In this final example dealing with randomization, you'll collect some statistics on DNA in order to answer the question: on average, what percentage of bases are the same between two random DNA sequences? Although some simple mathematics can answer the question for you, the point of the program is to show that you now have the necessary programming ability to ask and answer questions about your DNA sequences. (If you were using real DNA, say a collection of some particular gene as it appears in several organisms in slightly different forms, the answer would be somewhat more interesting. You may want to try that later.)
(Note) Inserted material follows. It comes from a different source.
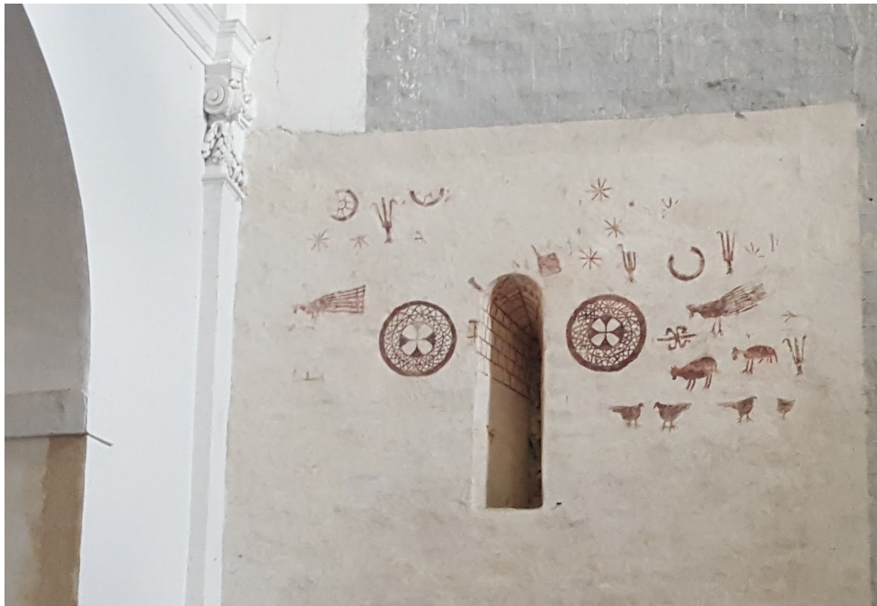
9. Irudia Arbuluko Tourseko San Martin eliza

abside aldean bistakoak izaten jarraitzen dute. Zaharberritzaileek nahita erromaniko eta gotiko garaiko murruek artean desberdintasun argi bat utzi zuten, jatorrizko tenpluaren murrua eta profila argi ikusiz (ikus 9. irudia).

So let's generate a set of random DNA, all the same length, then ask the following question about the set. What's the average percentage of positions that are the same between pairs of DNA sequences in this set?
As usual, let's try to sketch an idea of the program in pseudocode:
Generate a set of random DNA sequences, all the same length For each pair of DNA sequences How many positions in the two sequences are identical as a fraction? } Report the mean of the preceding calculations as a percentage
Clearly, to write this code, you can reuse at least some of the work you've already done. You certainly know how to generate a set of random DNA sequences. Also, although you don't have a subroutine that compares, position by position, the bases in two sequences, you know how to look at the positions in DNA strings. So that subroutine shouldn't be hard to write. In fact, let's write some pseudocode that compares each nucleotide in one sequence with the nucleotides in the same positions in another sequence:
assuming DNA1 is the same length as DNA2, for each position from 1 to length(DNA) if the character at that position is the same in DNA_1 and DNA_2 ++$count } } return count/length
The whole problem now seems eminently do-able. You also have to write the code that picks each pair of sequences, collects the results, and finally takes the mean of the results and report it as a percentage. That can all go into the main program. Example 7-4 gives it a try, all in one shot.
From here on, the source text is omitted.